» **Collected data**:

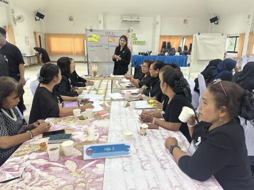 ✨ช่วงบ่าย เวลา 13.00 น. นางสาวนิภา ทองก้อน ผู้อำนวยการสำนักเสริมสร้างความเข้มแข็งชุมชน ได้พบปะพูดคุยกับคณะกรรมการพัฒนาสตรีภาคใต้ พร้อมเปิดโอกาสให้ประธานคณะกรรมการสตรีจังหวัดทั้ง 14 จังหวัด ร่วมแลกเปลี่ยนความคิดเห็นอย่างใกล้ชิด จากนั้นได้ดำเนินกิจกรรมแบ่งกลุ่ม 4 กลุ่ม และจัดทำแผนปฏิบัติการ โดย นางพนารัตน์ มาตย์สมบัติ ผู้อำนวยการกลุ่มงานส่งเสริมผู้นำชุมชนและองค์กรชุมชน เพื่อระดมความคิดเห็นในประเด็น “เหลียวหลัง แลหน้า” เพื่อแลกเปลี่ยนประสบการณ์ มุมมอง และแนวทางการขับเคลื่อนงานขององค์กรสตรี ก่อนนำเสนอผลการระดมความคิดเห็นร่วมกันอย่างเป็นรูปธรรม และร่วมกันจัดทำแผนปฏิบัติการเพื่อเป็นแนวทางในการขับเคลื่อนงานพัฒนาสตรีให้มีความเข้มแข็งและยั่งยืนต่อไป
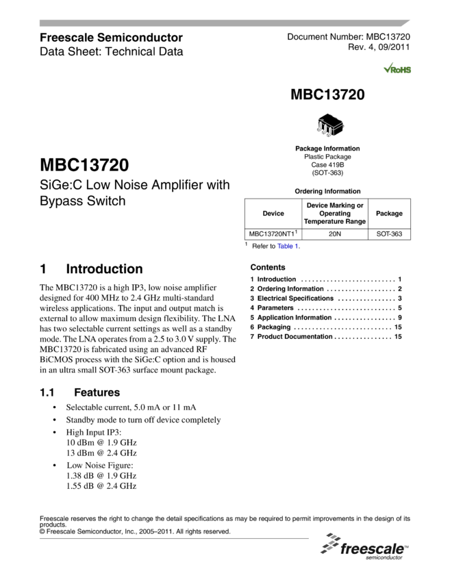 MBC13916 Technical Data Sheet: General Purpose SiGe:C RF Cascode Amplifier
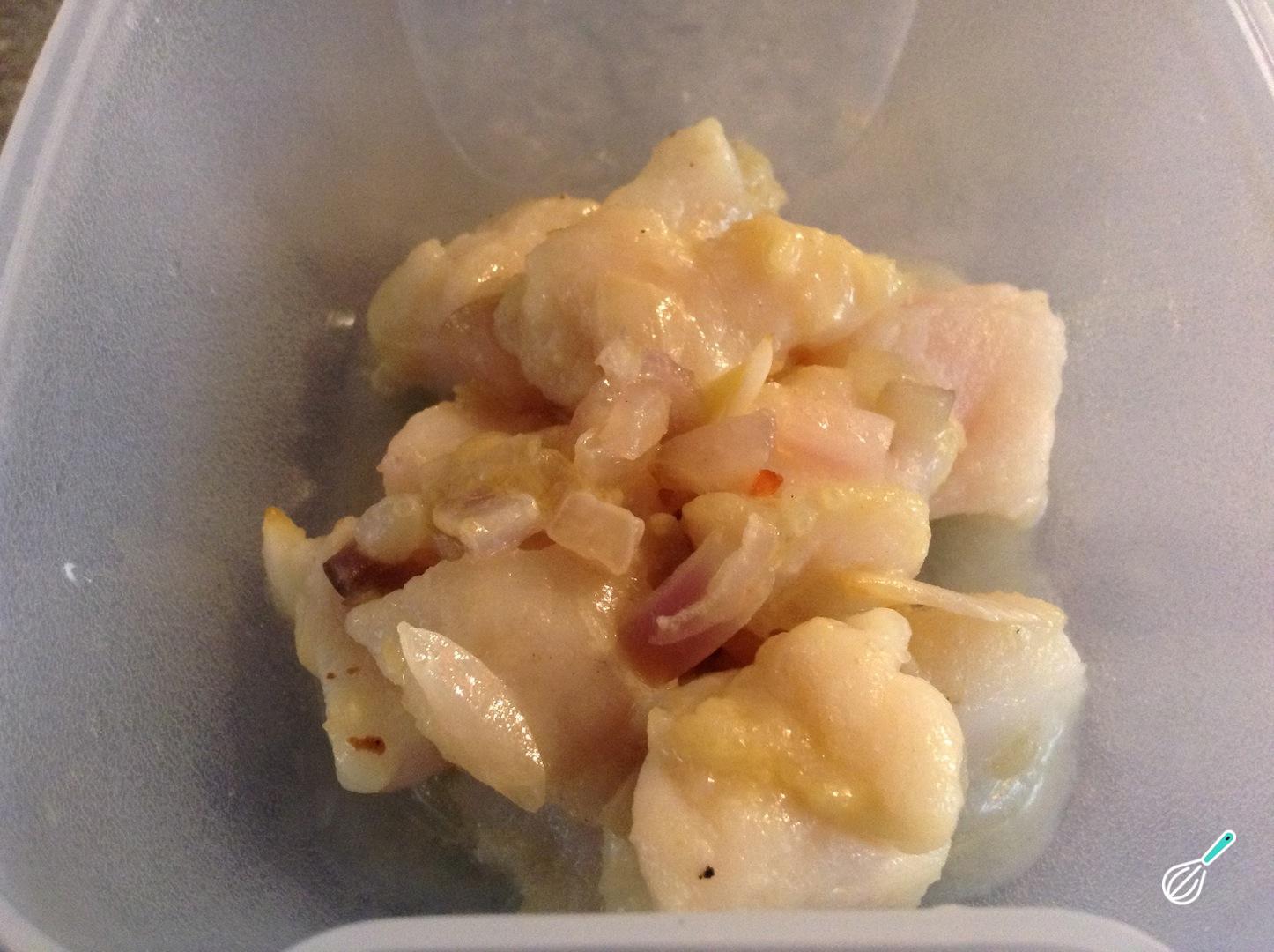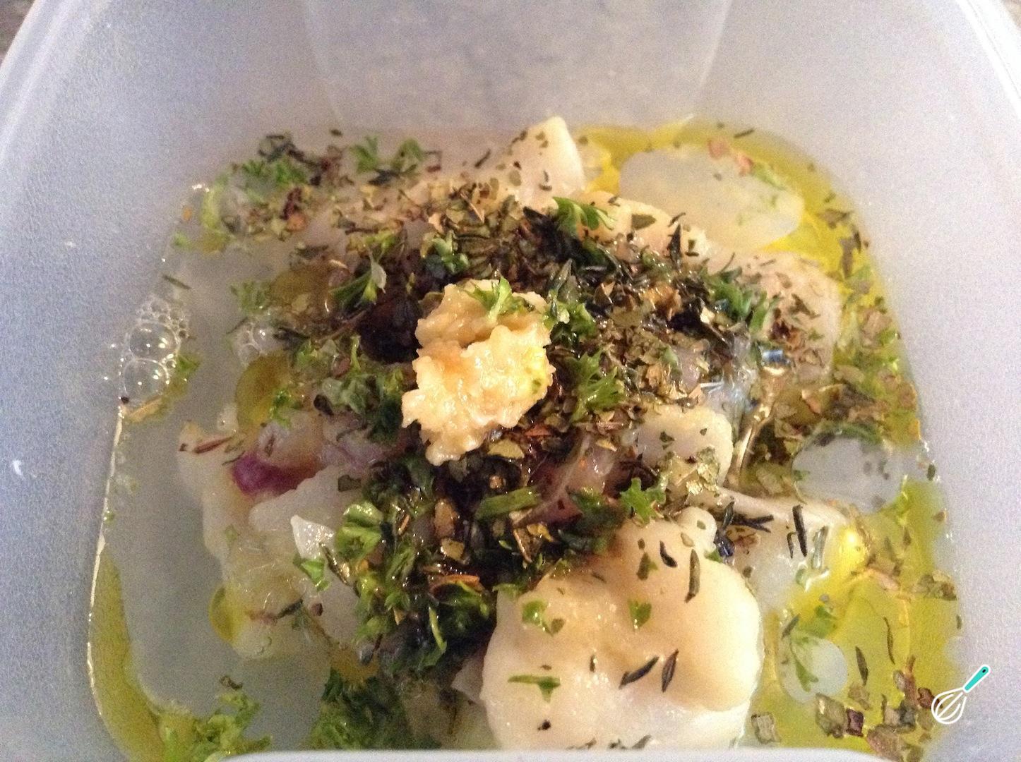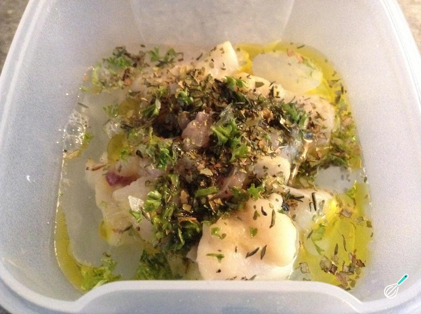 O primeiro passo para fazer a receita de bacalhau marinado em azeite é preparar todos os ingredientes.

» **Exercise directions**:
The answer must be an exact copy of the lines from the one that holds "MBC13916 Technical Data" through the end of the data, both included, with no pictures.

» **Result**:
 MBC13916 Technical Data Sheet: General Purpose SiGe:C RF Cascode Amplifier
 O primeiro passo para fazer a receita de bacalhau marinado em azeite é preparar todos os ingredientes.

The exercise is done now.